Often “home” is considered an extension of the family. How did the Santa Rosa fire impact your husband and children? How do you sustain a semblance of “family” during such a tumultuous period?
Just one month before the fire, our youngest child went off to college, so thankfully my children didn’t witness the destruction of their home, schools, neighborhood, and local businesses. Everyone flew in for the holidays – five of us in a one-bedroom studio – priceless. I felt such happiness with all of us together; we played word games to assess our blessings, achievements and goals. We are immersed in the process of rebuilding – patience and resilience are our goals for 2018.
At AADE, we were happy to provide support by replacing your textbook and postponing your course enrollment. Please tell us about other individuals or organizations that stepped in to assist.
After such a horrific experience, being alive and well took on a whole new meaning; and we are grateful! The raw fortitude, generosity and resourcefulness of northern Californians brings me to tears, as does the kindness of the American Red Cross, firefighters, citizens, neighbors, businesses and boutiques. In fact, AADE was one of the first ones to help by replacing my Desk Reference at no charge!
Self-management is the key to living a healthy, productive life, free of chronic disease. We all deserve this.
How has being a member of AADE helped you treat people with diabetes?
I am excited to start my Core Concepts Course again! (I had just started the September course when the fire disrupted our lives.) I am looking forward to expanding my diabetes education through the wonderful benefits and new technology that AADE has to offer – which in turn will help me support patients and their families manage diabetes successfully!
What do you see as the biggest challenge facing diabetes educators today?

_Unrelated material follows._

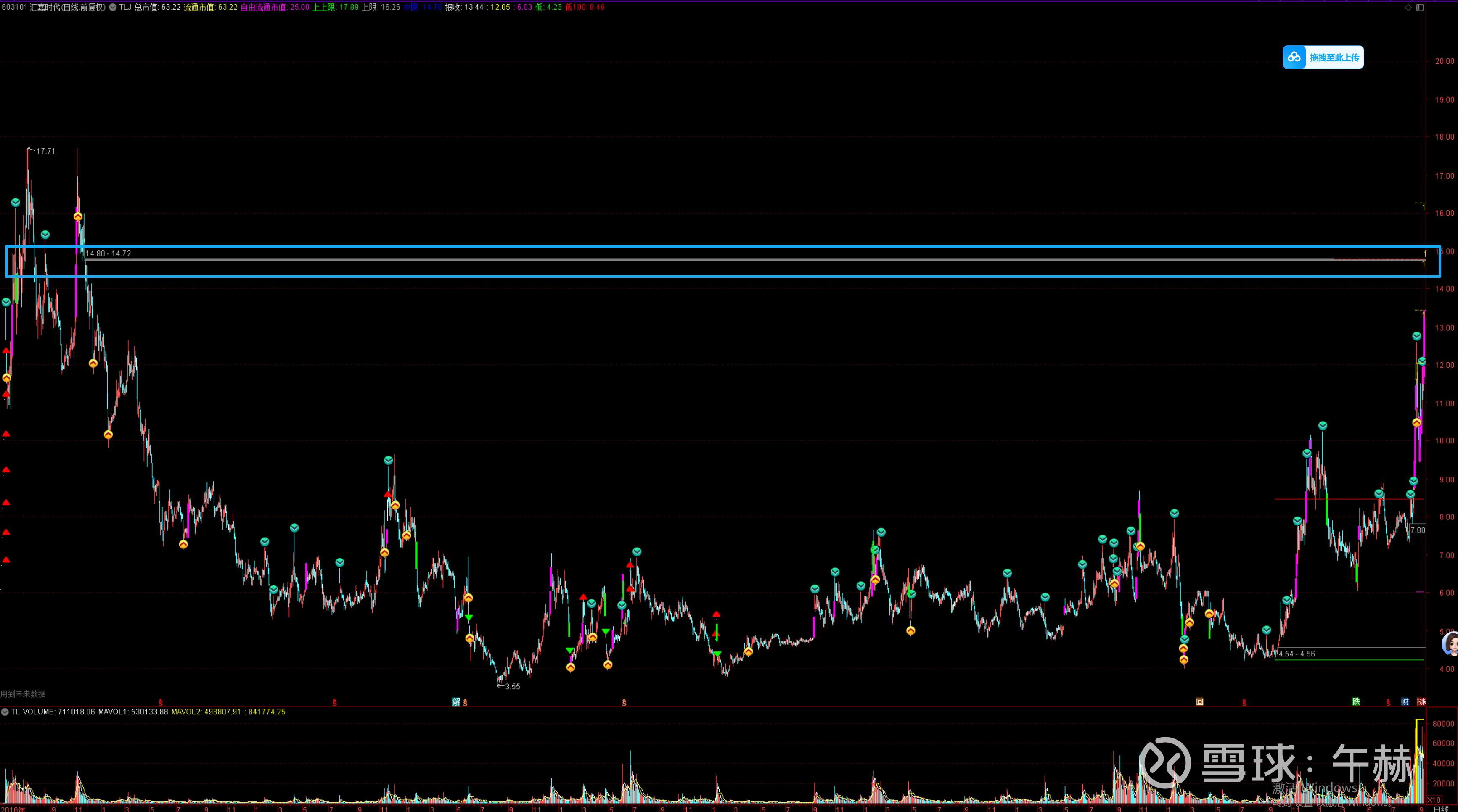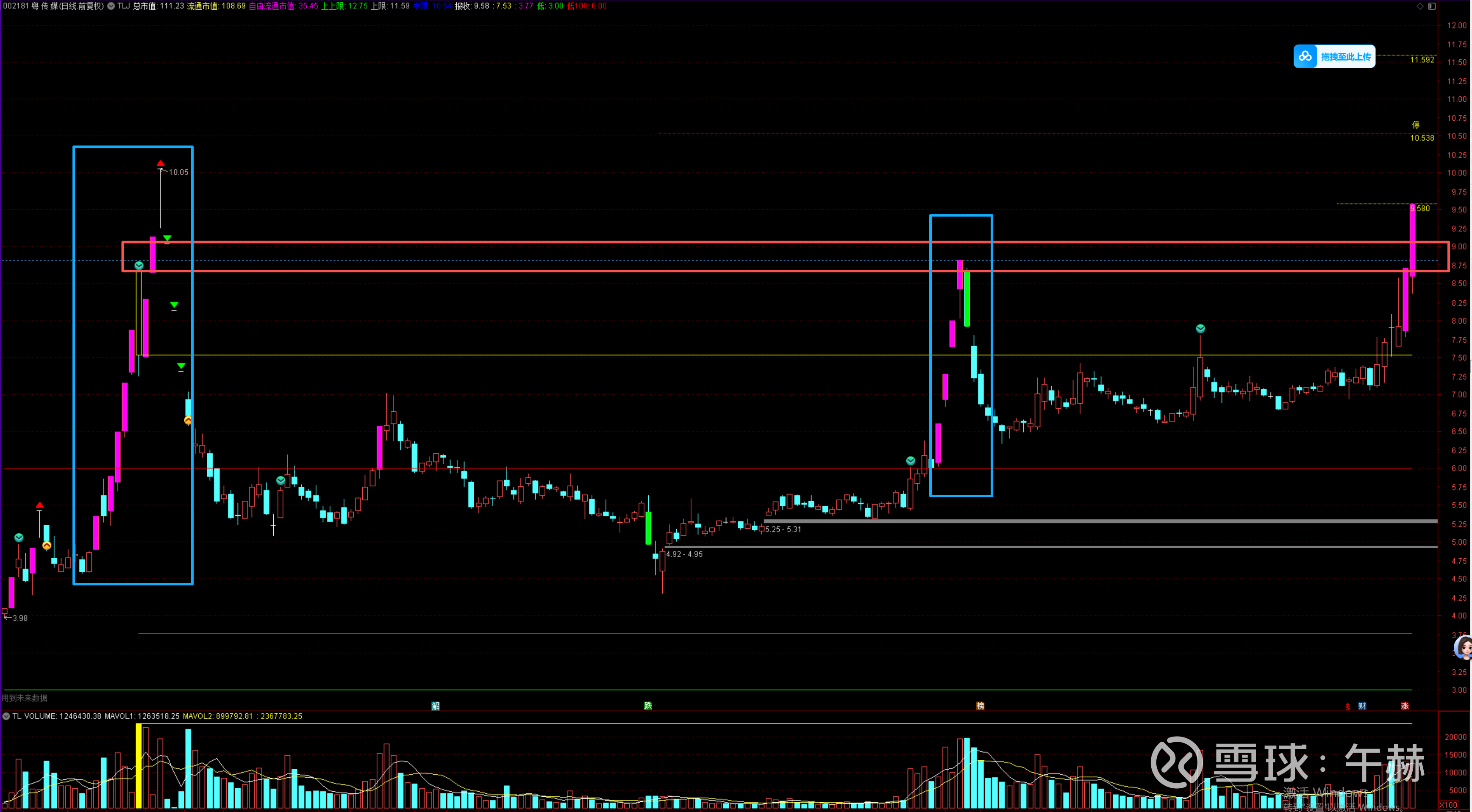 周一助攻天通预期带领通信复苏,被砸;天通陨落;留下青山趁着辨识度周二反包;今日开出加速缺口秒板;早盘两次打开换手充分;7天4板,1加1加2趋势3板加高度;带领通信走强;在我眼中同为小龙头;领导力明显优于卧龙;

Diabetes is a worldwide pandemic that challenges a person’s capacity to thrive and survive. Why is diabetes escalating in elementary schools? Why are diabetes and obesity the largest public health emergencies of the 21st century? What about the next generation? We need answers to these questions. Self-management is the key to living a healthy, productive life, free of chronic disease. We all deserve this.
Your perspective of 2017 is shaped by “before the fire” and “after the fire.” What is your biggest takeaway?

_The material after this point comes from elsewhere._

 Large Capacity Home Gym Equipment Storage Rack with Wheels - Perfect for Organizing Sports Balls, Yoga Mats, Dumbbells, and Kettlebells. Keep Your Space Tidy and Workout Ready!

There are no guarantees in life. Be prepared emotionally, intellectually and physically. Take care of yourself because no one else can! Making changes to my own food intake had a powerful impact on my health, stamina and critical thinking skills. A local yoga studio offered me an unlimited free one-year membership; I found that practicing yoga helped me release fears, relieved ailments, and increased my strength and mental focus. I learned that it’s okay to be afraid and to cry. Our community was traumatized, but we are stronger! After running away from the fires and surviving, I want to continue to challenge people with diabetes to live the very best life they can…every day! You never know what may happen.

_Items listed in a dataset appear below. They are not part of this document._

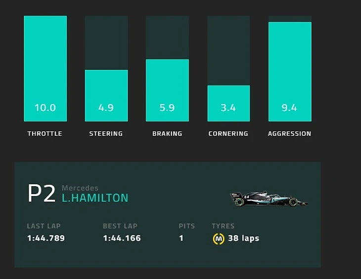 Оценка Хэмилтона сложилась из 10 за работу с педалью газа, 4,9 за работу рулем, 5,9 за работу на торможениях, 3,4 за прохождение поворотов и 9,4 за «агрессивность». Льюис в итоге приехал на финиш вторым.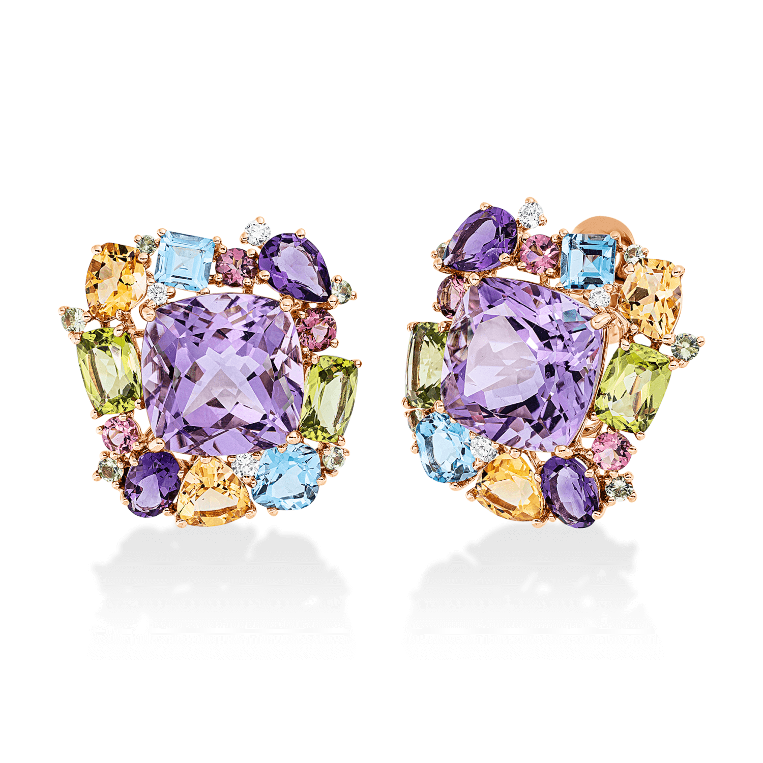 Ohrstecker 750 Rotgold 34 Farbsteine 26,46ct mehrfarbig 6 Brillanten 0,2ct TW-SI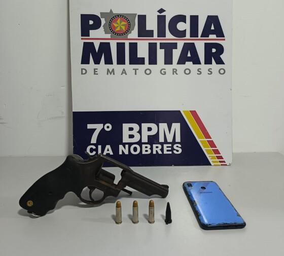 Um adolescente, de 17 anos, foi apreendido e um homem, de 25 anos, foi preso suspeitos por formação de quadrilha e porte ilegal de arma de fogo nas proximidades de bar na Avenida Marechal Rondon, região central do município de Nobres (122 km de Cuiabá). Com a dupla, policiais militares do 7º Batalhão recolheram um revólver calibre 38, três munições e um aparelho celular.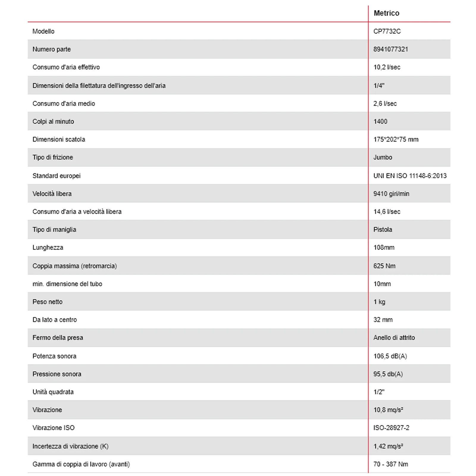 Avvitatore a Impulsi 1/2″ Pneumatico CHICAGO PNEUMATIC Ultra Compatto a Massa Battente ad Impatto Reversibile CP7732C
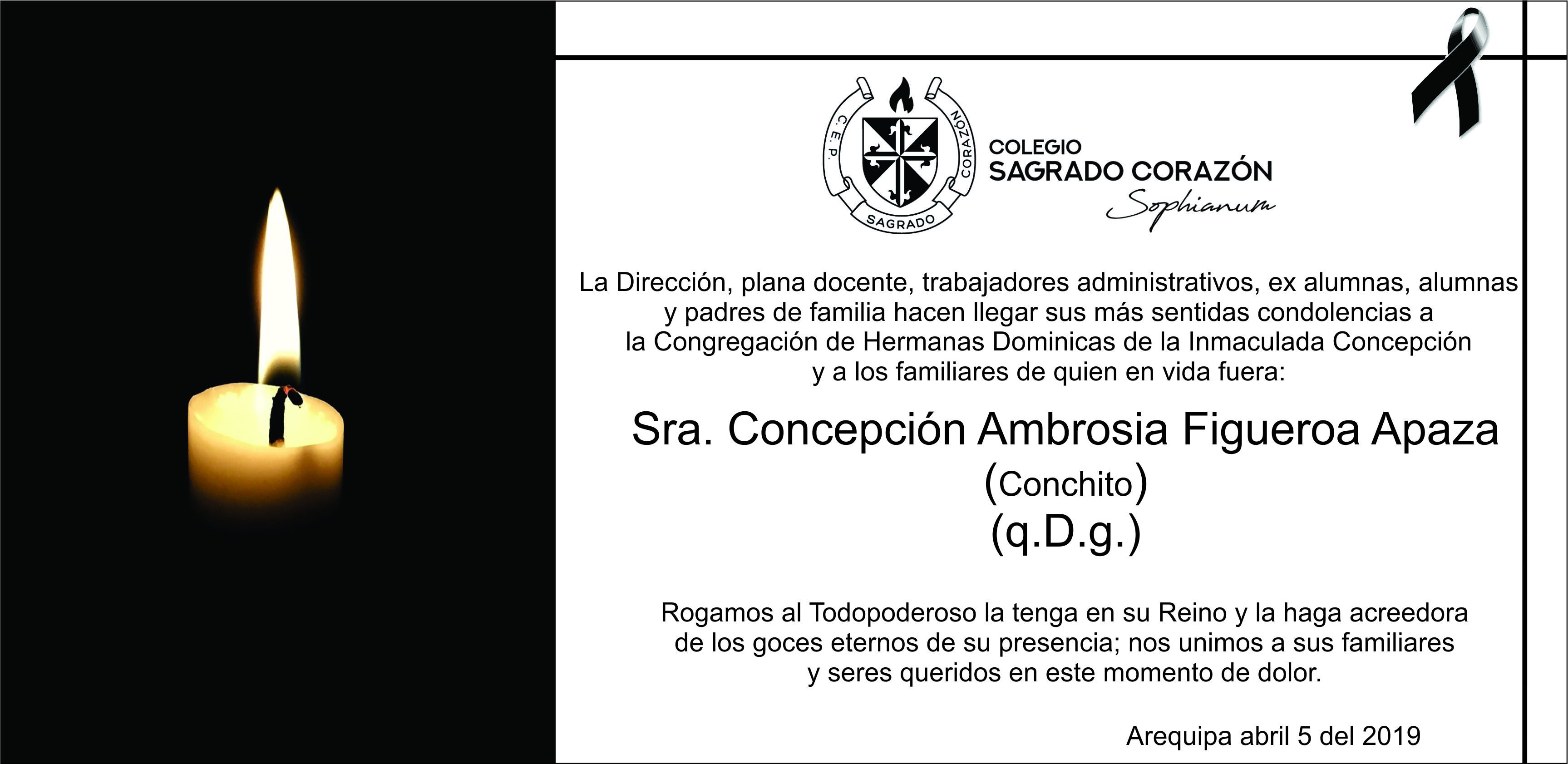 Rogamos por el descanso eterno de quien en vida fuese Sra. Concepción Ambrosia Figueroa Apaza (Conchito), destacada y muy querida ex trabajadora de nuestra Institución.

What are some of your interests outside of diabetes education?
Life is busy and full. Some of my interests include yoga, hiking, reading, meditation, cooking, health lectures and just making time for old and new friends. My husband and I enjoy local adventures like a day at the ocean – only 30 miles away; watching the enormous waves crash on the rocks along the rugged cliffs gives us a sense of timelessness…and this time in our lives soon will come to pass.